> **The problem**: Return the records exactly as they stand, and keep the pictures out of the copy.

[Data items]
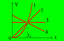 На рисунке представлены графики зависимости модуля скорости от времени для четырех тел. Какое из этих тел (или какие тела) прошли наибольший путь? Решение. На рисунке показаны графики зависимости скорости движущихся тел от времени. Как известно, пройденный телом путь представляет собой площадь, лежащую под графиком скорости. Из рисунка видно, что фигура максимальной площади лежит под графиком, для тела 4. Значит, за промежуток времени от 0 до t0 тело 4 прошло наибольший путь.
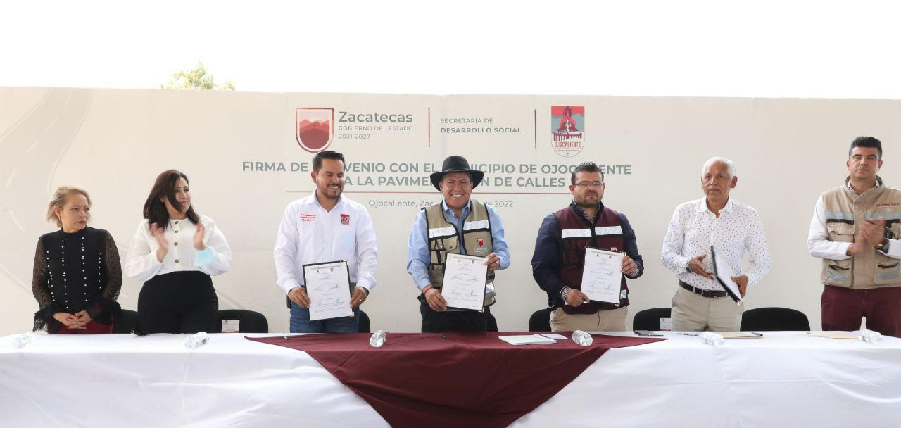 El mandatario estatal firmó con el Ayuntamiento de Ojocaliente, a cargo del alcalde Daniel López Martínez, un convenio de colaboración en materia de concurrencia de acciones y la aportación de recursos por aproximadamente 23 millones de pesos para la realización de obras públicas en este municipio.
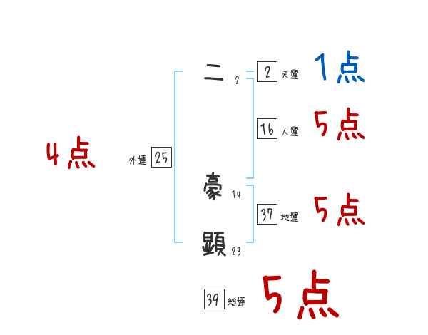 二豪顕さんの画数の鑑定結果
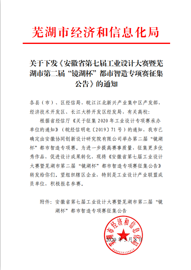 為進一步加快蕪湖市現代制造產業的升級轉型,加速工業設計與制造的融合,培養工業設計人才,決定舉辦安徽省第七屆工業設計大賽暨蕪湖市第二屆“鏡湖杯”都市智造專項賽。
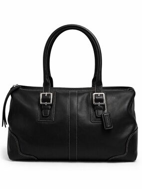 Beautifully crafted Coach leather satchel in a structured silhouette with refined buckle detailing and polished silver hardware. This piece blends timeless design with everyday functionality.
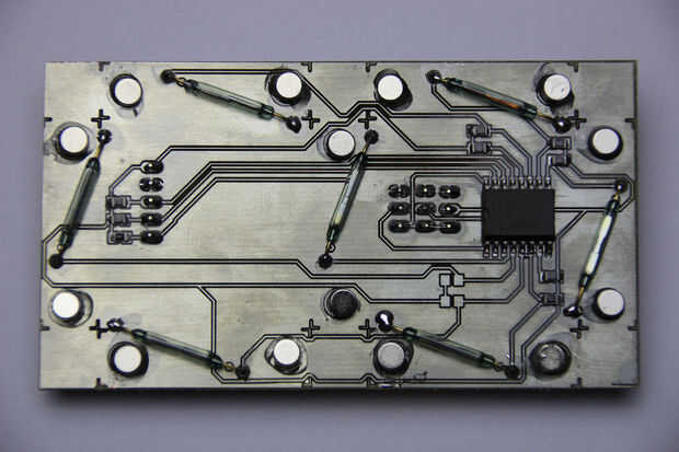 En principio, cada dígito consisten en siete interruptores operados magnéticamente (reed switches) cuyos Estados son leídas simultáneamente por el IC PCF8574T. Para hacer los segmentos individuales de un palo de dígito en el lugar correcto a través del tablero de madera, cada interruptor de láminas es acompañado por dos imanes de 4 x 2 mm que actúan como un "ancla" para los dos imanes de 4 mm correspondiente del segmento madera. Aquí, lo reed switches están alineados centro de manera un cierre del interruptor será directamente bajo el imán del centro de 5 mm del segmento madera. Puede encontrar más información sobre reed switches mediante la lectura de este documento.
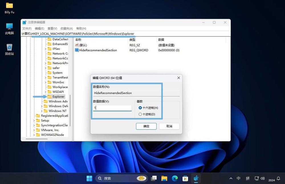 通过注册表 hiderecommendedsection 值控制「推荐的项目」是否显示内容

> **Solution to the exercise**:
 На рисунке представлены графики зависимости модуля скорости от времени для четырех тел. Какое из этих тел (или какие тела) прошли наибольший путь? Решение. На рисунке показаны графики зависимости скорости движущихся тел от времени. Как известно, пройденный телом путь представляет собой площадь, лежащую под графиком скорости. Из рисунка видно, что фигура максимальной площади лежит под графиком, для тела 4. Значит, за промежуток времени от 0 до t0 тело 4 прошло наибольший путь.
 El mandatario estatal firmó con el Ayuntamiento de Ojocaliente, a cargo del alcalde Daniel López Martínez, un convenio de colaboración en materia de concurrencia de acciones y la aportación de recursos por aproximadamente 23 millones de pesos para la realización de obras públicas en este municipio.
 二豪顕さんの画数の鑑定結果
 為進一步加快蕪湖市現代制造產業的升級轉型,加速工業設計與制造的融合,培養工業設計人才,決定舉辦安徽省第七屆工業設計大賽暨蕪湖市第二屆“鏡湖杯”都市智造專項賽。
 Beautifully crafted Coach leather satchel in a structured silhouette with refined buckle detailing and polished silver hardware. This piece blends timeless design with everyday functionality.
 En principio, cada dígito consisten en siete interruptores operados magnéticamente (reed switches) cuyos Estados son leídas simultáneamente por el IC PCF8574T. Para hacer los segmentos individuales de un palo de dígito en el lugar correcto a través del tablero de madera, cada interruptor de láminas es acompañado por dos imanes de 4 x 2 mm que actúan como un "ancla" para los dos imanes de 4 mm correspondiente del segmento madera. Aquí, lo reed switches están alineados centro de manera un cierre del interruptor será directamente bajo el imán del centro de 5 mm del segmento madera. Puede encontrar más información sobre reed switches mediante la lectura de este documento.
 通过注册表 hiderecommendedsection 值控制「推荐的项目」是否显示内容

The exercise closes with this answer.